Corey Hawkins may be best known to some for his starring role as Dr Dre in Straight Outta Compton (2015), as Heath in The Walking Dead (2010–2022), or more recently, Dr Clemens in The Last Voyage of the Demeter (2023). Willem Dafoe is one of our great character actors with more than 150 credits to his name and recently appeared in another Dracula-related movie, Robert Eggers’ reinterpretation of Nosferatu (2024), after his memorable cameo in that same director’s Viking vengeance epic, The Northman (2022)… and his Bobby Peru in David Lynch’s Wild at Heart (1990) is unforgettable.
Everything hangs on the dynamic between these two men, which goes a long way to compensate for the limited sets and locations of a restrained budget along with the cumbersome and dialogue-laden screenplay.
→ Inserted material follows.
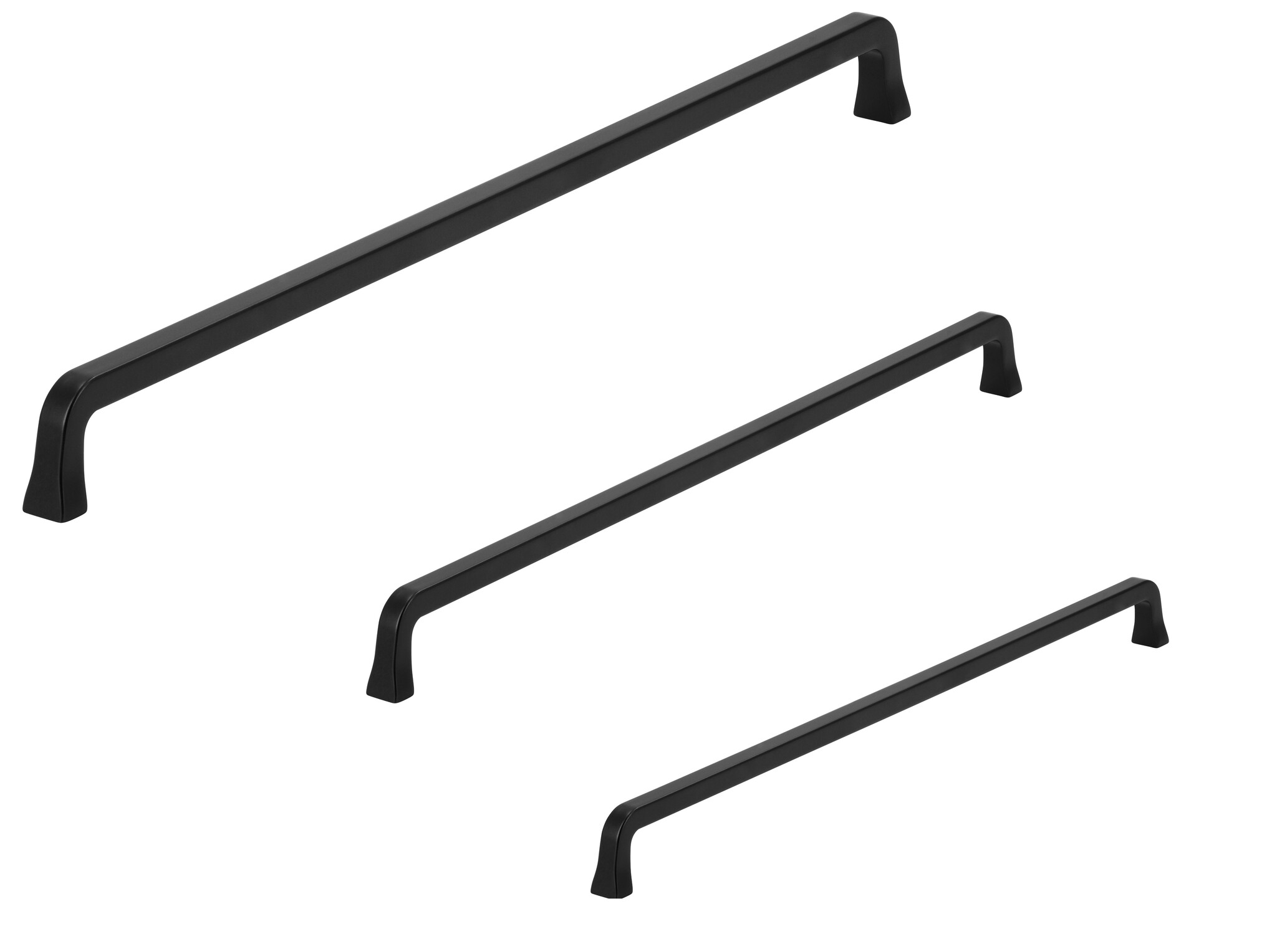 Beautiful furniture handle with an elegant look in matte black with slightly wider feet and rounded corners

It would’ve worked so well as a two-hander stage performance between two such talented actors, and one can’t help wondering if cinema was the best format. It clearly would’ve worked better as a play or, oh yes, a novel.
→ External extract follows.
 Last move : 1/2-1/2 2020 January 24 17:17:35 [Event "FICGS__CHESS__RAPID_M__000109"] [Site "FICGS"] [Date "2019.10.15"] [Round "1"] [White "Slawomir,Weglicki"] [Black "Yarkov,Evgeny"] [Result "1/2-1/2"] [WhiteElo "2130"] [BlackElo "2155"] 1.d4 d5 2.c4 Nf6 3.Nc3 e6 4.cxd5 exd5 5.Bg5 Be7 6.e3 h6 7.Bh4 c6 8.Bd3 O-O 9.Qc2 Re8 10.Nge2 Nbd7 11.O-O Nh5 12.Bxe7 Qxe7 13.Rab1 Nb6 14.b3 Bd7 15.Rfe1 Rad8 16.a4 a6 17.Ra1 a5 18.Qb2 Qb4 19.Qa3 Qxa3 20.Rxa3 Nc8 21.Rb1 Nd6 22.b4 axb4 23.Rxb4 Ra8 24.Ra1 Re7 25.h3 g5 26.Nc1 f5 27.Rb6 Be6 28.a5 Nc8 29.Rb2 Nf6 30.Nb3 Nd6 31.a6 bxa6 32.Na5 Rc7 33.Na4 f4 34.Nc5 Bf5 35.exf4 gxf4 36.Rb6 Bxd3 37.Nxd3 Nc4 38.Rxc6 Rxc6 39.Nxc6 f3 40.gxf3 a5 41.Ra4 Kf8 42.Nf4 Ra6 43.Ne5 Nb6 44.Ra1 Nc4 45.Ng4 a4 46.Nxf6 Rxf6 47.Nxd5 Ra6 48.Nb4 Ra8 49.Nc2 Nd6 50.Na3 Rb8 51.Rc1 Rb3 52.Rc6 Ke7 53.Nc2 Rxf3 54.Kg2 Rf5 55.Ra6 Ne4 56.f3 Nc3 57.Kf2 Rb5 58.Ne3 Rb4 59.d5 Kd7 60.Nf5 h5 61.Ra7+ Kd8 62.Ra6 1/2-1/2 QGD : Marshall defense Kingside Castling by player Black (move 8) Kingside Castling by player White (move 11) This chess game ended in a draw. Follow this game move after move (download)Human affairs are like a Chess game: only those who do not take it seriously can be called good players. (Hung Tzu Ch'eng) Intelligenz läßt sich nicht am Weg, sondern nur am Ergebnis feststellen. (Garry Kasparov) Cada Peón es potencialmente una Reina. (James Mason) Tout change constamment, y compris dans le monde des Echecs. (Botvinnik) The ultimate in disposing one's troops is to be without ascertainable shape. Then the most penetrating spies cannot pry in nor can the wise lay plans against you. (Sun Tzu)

The 2004 novel of the same title was adapted for the screen by its author, Walter Mosley. For me, the source material didn’t appeal as much as his other work because it seemed to progress from a preposterous premise. There’s a literary genre of taking an unusual concept and simply running with it until the author has explored and exhausted its potential. Novels like Franz Kafka’s 1915 classic The Metamorphosis, in which the central character, Gregor, transforms into a type of inhuman ‘vermin’, usually interpreted as a giant cockroach. Or Car, the 1972 novel by Harry Crews where Herman, the protagonist, sets about eating an entire Ford Maverick in a hotel ballroom before an audience. These are both literary examples of effective ways to create a claustrophobic, ‘pressure cooker’ environment that can be enjoyed as a profound metaphorical commentary on societal incongruities and cultural violence. By comparison, The Man in My Basement is either reassuringly or frustratingly pedestrian with a very human-scale concept that’s not nearly as grand, yet just as unlikely.
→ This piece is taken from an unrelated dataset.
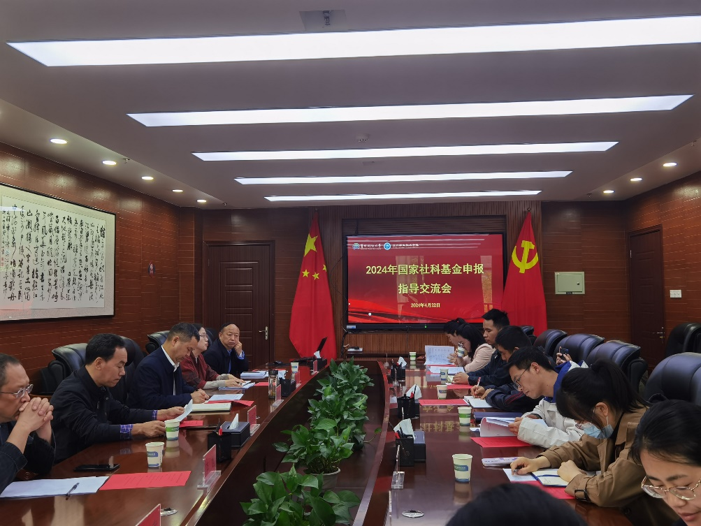 为进一步推进东西部协作行动计划,加强校际交流协作,落实学校与广东开放大学(广东理工职业学院)签订的《校际帮扶合作协议》,做好2024年度国家社会科学基金项目申报工作,提升国家社科基金项目申报质量,夯实国家社科基金项目申报基础,2024年4月22日上午,学校2024年国家社科基金指导交流会在云潭南路校区六楼会议室召开,特邀广东开放大学刘忠权教授进行指导、交流,2024年国家社科基金申请人及部分课题组成员参加了会议,学校党委委员、副校长林长松出席会议,会议由科研处处长陈舒主持。

Perhaps the problem lies in Walter Mosley’s pin-sharp yet poetic prose, or rather the absence of it. The sheer flow and clarity of his writing is a major appeal of his books. Sure, the movie dialogue does its job, but I can’t help feeling it works better on the page than the screen. Also, the narrative certainly could’ve been curtailed by at least half its duration because we don’t get the internal dianoia of the characters that the literary format affords us. I haven’t read the original novel but count Mosley among my favourite living writers, having enjoyed a good cross-section of his works, mainly those flirting with the hard-boiled crime genre without fully conforming to it. Anyone looking for a good entry point would be better starting with Michael Apted’s Always Outnumbered (1998), also written for the screen by Mosley based on his own 1997 novel, Always Outnumbered, Always Outgunned—a character-driven crime thriller in the Socrates Fortlow trilogy, impressively fleshed out by Laurence Fishburne.
Walter Mosley certainly doesn’t shy away from political subjects and black issues, with The Man in My Basement being a blatant example. However, he’s not afraid to have fun either and has written for Star Trek: Discovery and a couple of mainstream graphic novels for Marvel. Often, his fiction dealing with the darker corners of humanity remain laced with a sharp wit that still finds the humour and absurdity amid life’s despair and misery. Sadly, I couldn’t really see that distinctive trait on the screen in The Man in My Basement, which, for the most part, remains humourless.
USA | 2025 | 115 MINUTES | 1.85:1 | COLOUR | ENGLISH
director: Nadia Latif.
writers: Walter Mosley & Nadia Latif (based on the novel by Walter Mosley).
starring: Corey Hawkins, Willem Dafoe, Anna Diop & Tamara Lawrance.